Ball check valves: A ball check valve functions by means of a ball that moves up and down inside the valve chamber. The seat is machined to fit the ball, and the conical chamber guides the ball into the seat to seal and prevent reverse flow.

Explore our full range of check valves in the product finder.

Water hammer and pressure surges

What is water hammer?

Water hammer occurs when the velocity of a fluid in a pipeline system changes rapidly, typically due to the sudden stoppage of flow caused by an obstacle. This can happen, for example, if a valve is closed too rapidly. A rapid change in velocity will send a shock wave through the pipeline, potentially damaging both pipes and equipment. It will continue to travel along the pipeline until the energy has dissipated, and it can cause a localized increase in pressure and produce loud hammering noises. This is the sound of the pipeline expanding under pressure surges.

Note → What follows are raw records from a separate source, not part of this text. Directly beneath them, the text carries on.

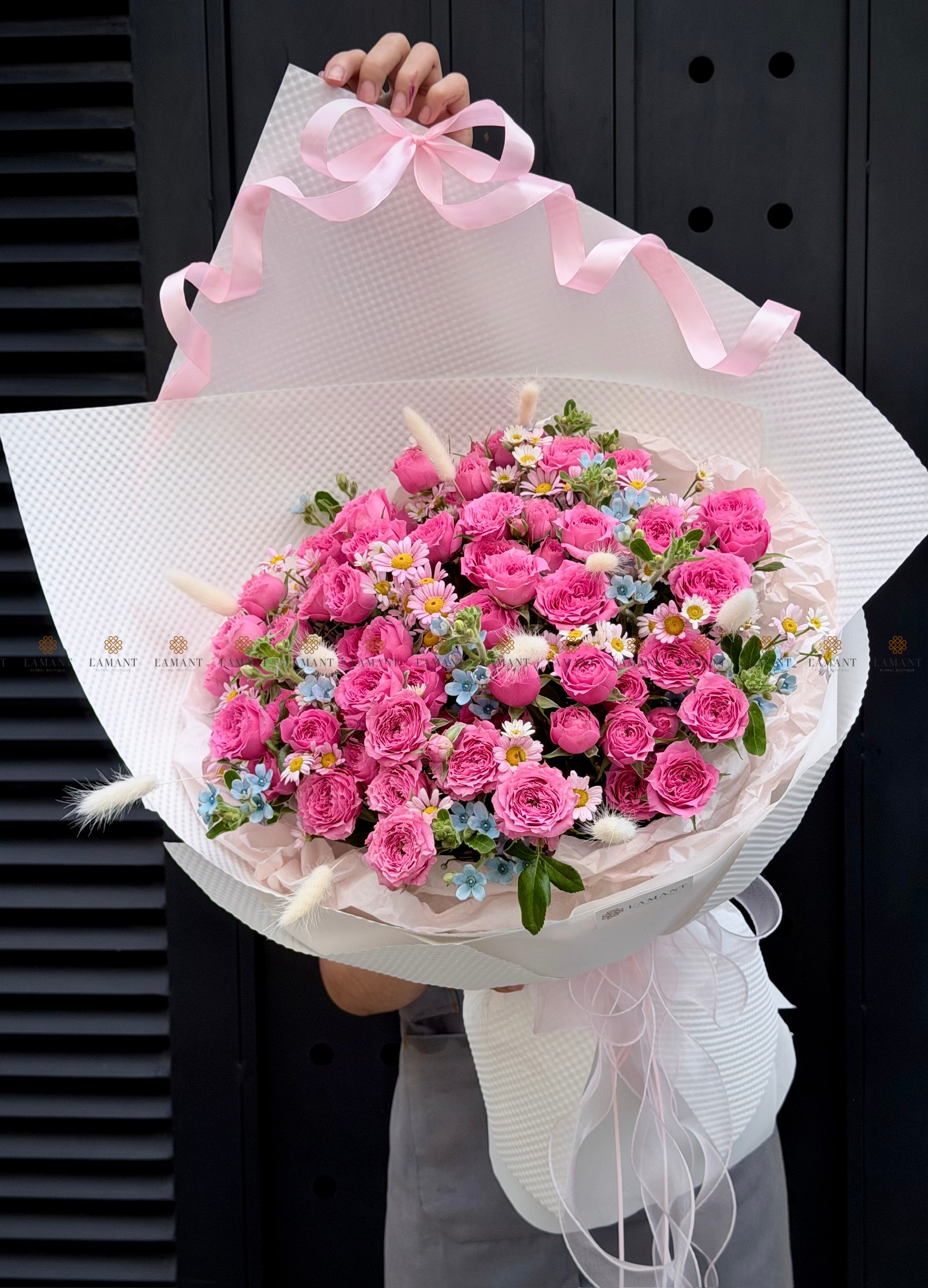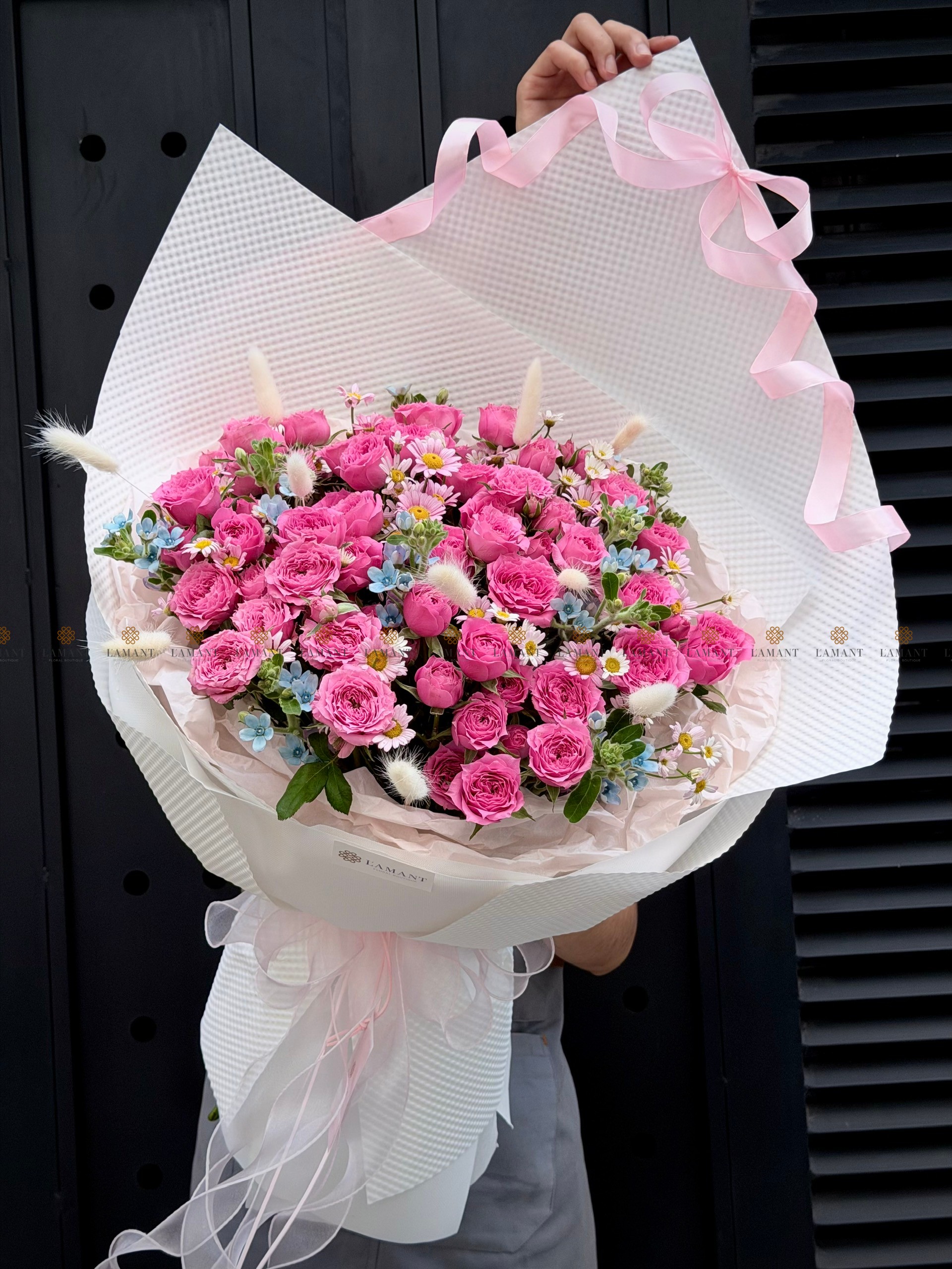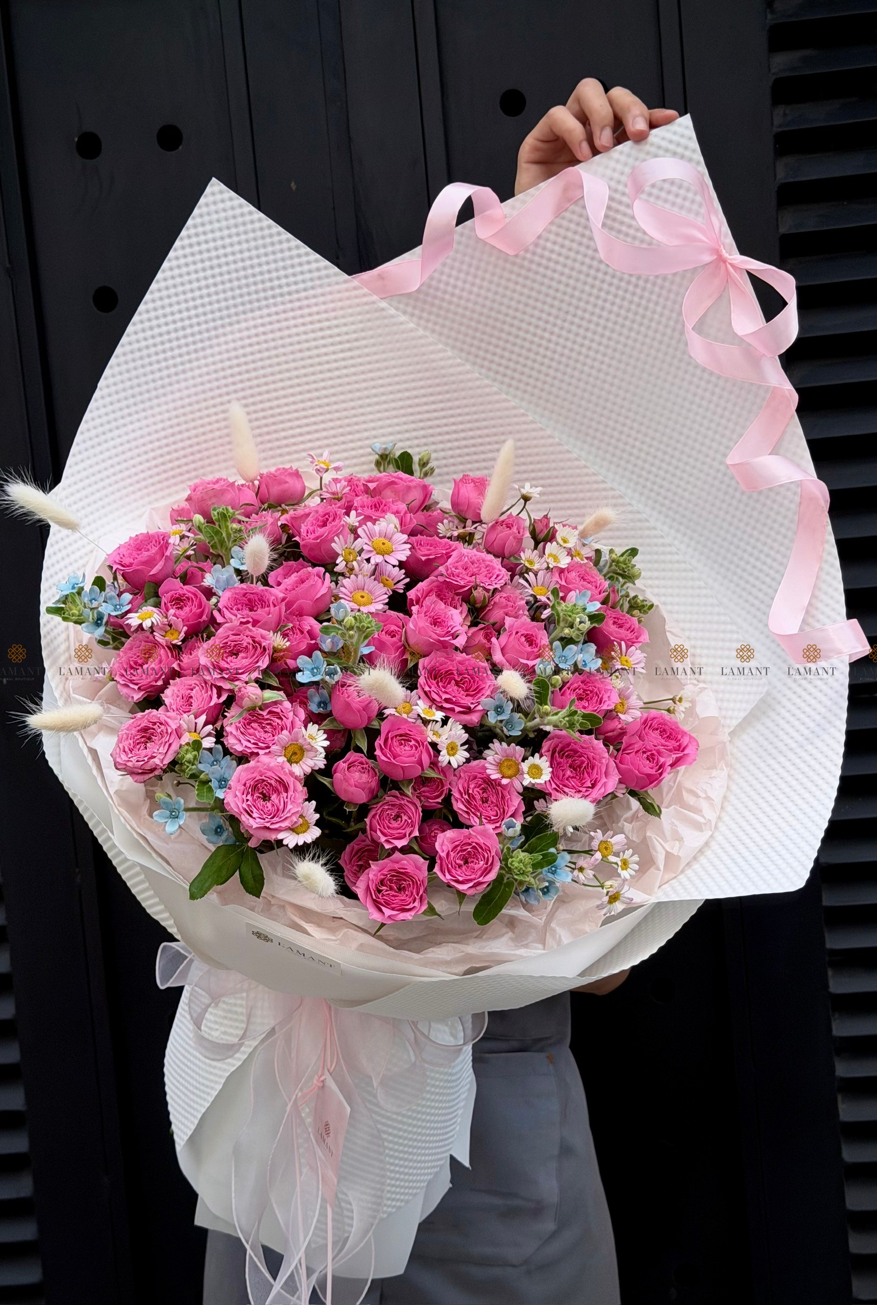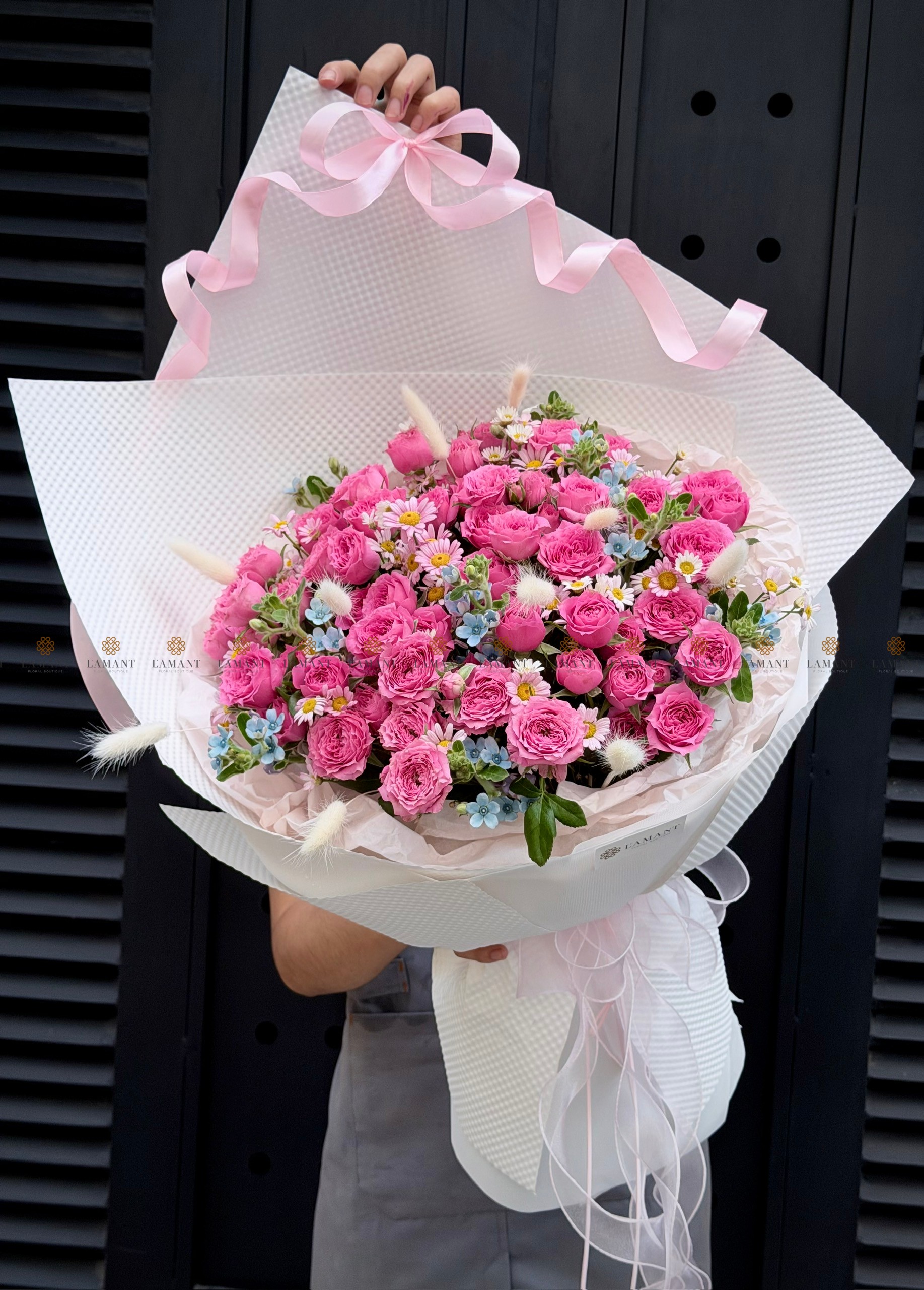 Hoa chính: Hồng chùm sophia, Cúc họa mi, ngôi sao xanh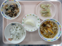 ごはん ちくわの磯辺揚げ 秋なすの甘辛炒め 煮込みうどん 梨 |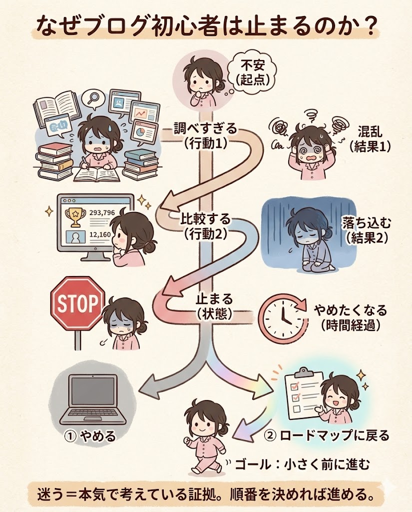 この記事では、ブログ初心者が「何から始めるのか」を順番で整理しています。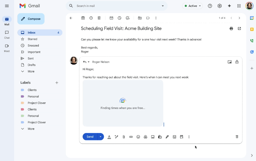 You can customize the times that Gemini suggests by removing or adding additional options, and then insert them directly into your Gmail message. Once the recipient receives the email and selects a time that works for them, a Calendar invite will automatically be added to both individual’s calendars. At launch, this feature will only support scheduling between two individuals, not groups.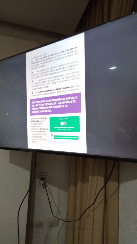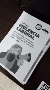 En la oportunidad se facilitó material bibliográfico sobre violencia laboral. “Es importante poner el tema en la agenda, porque está naturalizado, normalizando un montón de situaciones que no corresponden, más en estos tiempos, en este contexto, en donde hay una violencia estructural, legitimada desde la máxima conducción del país, como es el presidente para abajo”, agregó la dirigente.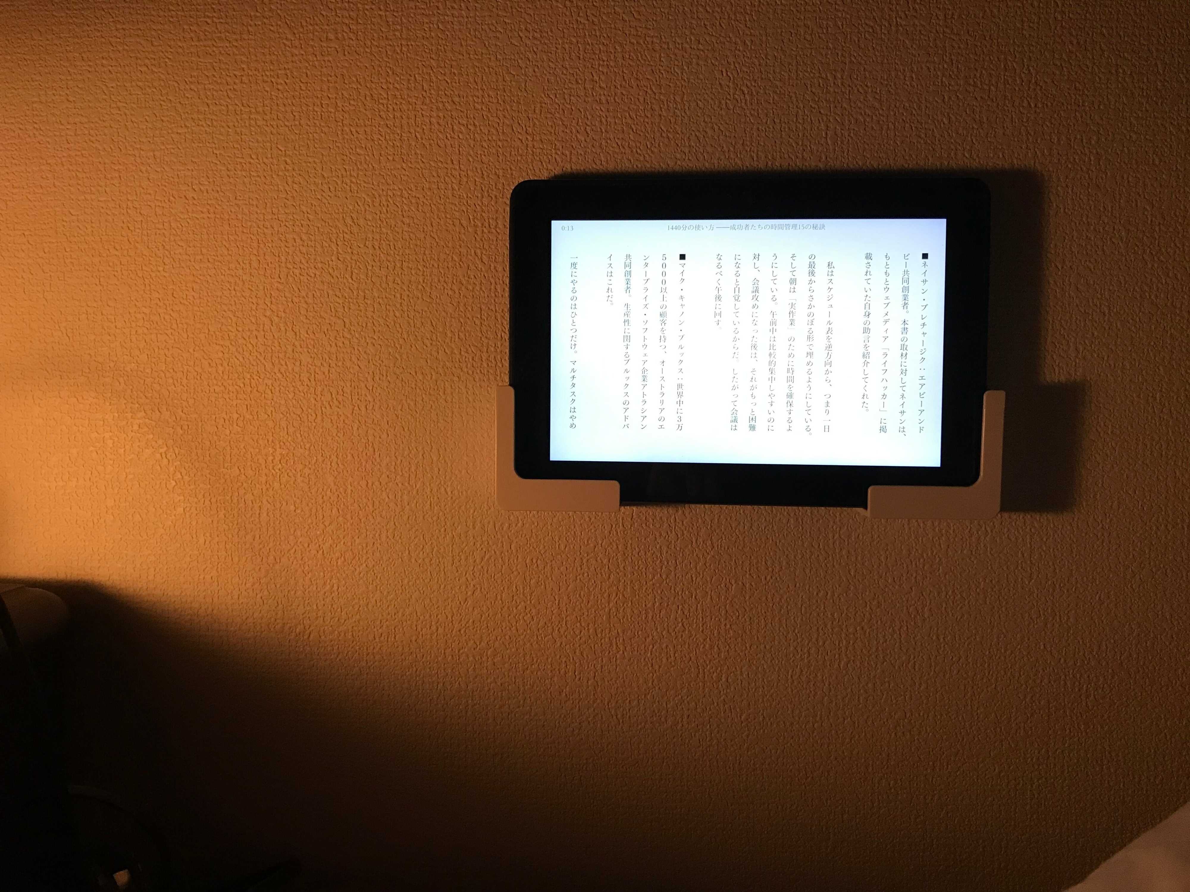 こうすることで、ベッドに横になりながら、指をスライドさせるだけで本を読めるから、タブレットやスマホを持つ手が疲れません。くれぐれも荷重オーバーにならないように気をつけます。
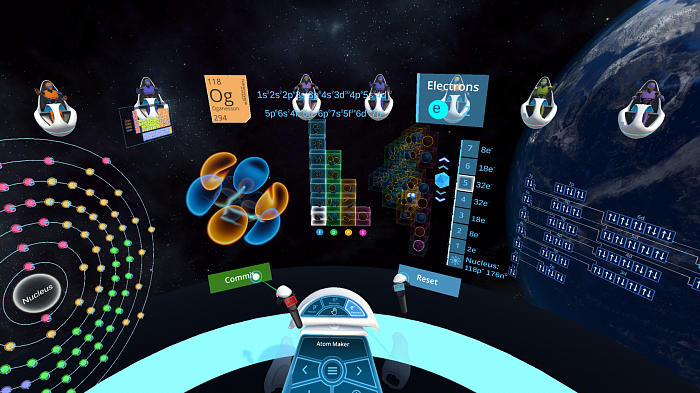 Virtual Classroom is the first of a kind multiuser Virtual Reality experience designed for class trips to VR Venues. Virtual Classroom is dedicated to the topics of atoms, orbitals and periodic table of elements. Students can assemble all known elements, and visualise various shapes of orbitals across the energy levels of an atom.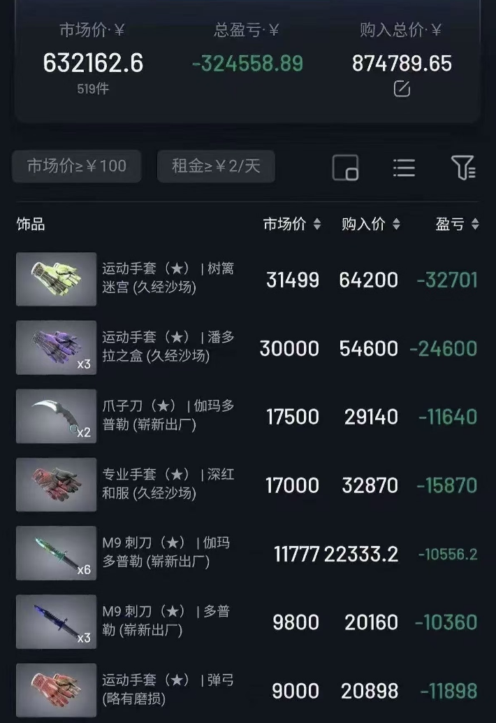 二手市场上,蝴蝶刀、稀有手套等装备价格直接腰斩。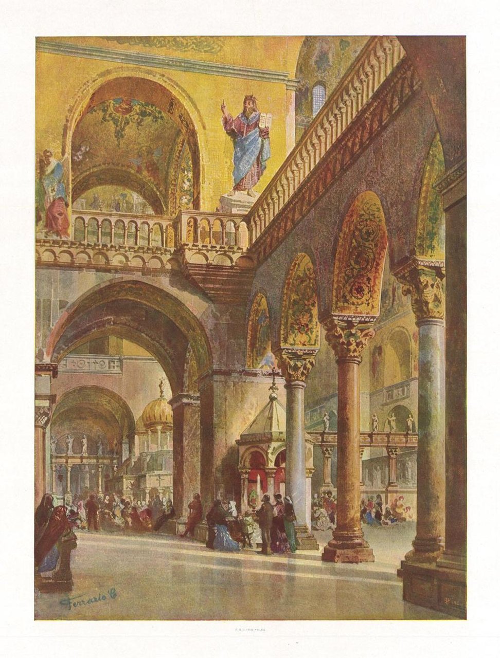 Stampa, antica ed originale, della veduta interna della chiesa di San Marco in Venezia raffigurante l'ultima parte della navata minore

Why pressure surges occur in pipelines

Pressure surges arise when a pump stops or a valve closes too rapidly, causing the flow to continue and creating a vacuum downstream to a pump or valve while building up a very high pressure at the opposite end of the pipeline. When different pressures are present in the pipeline, the flow will move towards the low-pressure area, generating a surge that will continue to travel back and forth until the energy has dissipated and the pressure is stabilised. Although a pressure surge may only be brief, it can amplify system pressure by 10 fold or more, leading to severe damage such as pipe cracks, bursts, cavitation or implosion caused by vacuum pressures. Beyond repair costs and operational downtime, such incidents pose significant health and safety risks. Additionally, repeated smaller surges over time can result in system fatigue failure.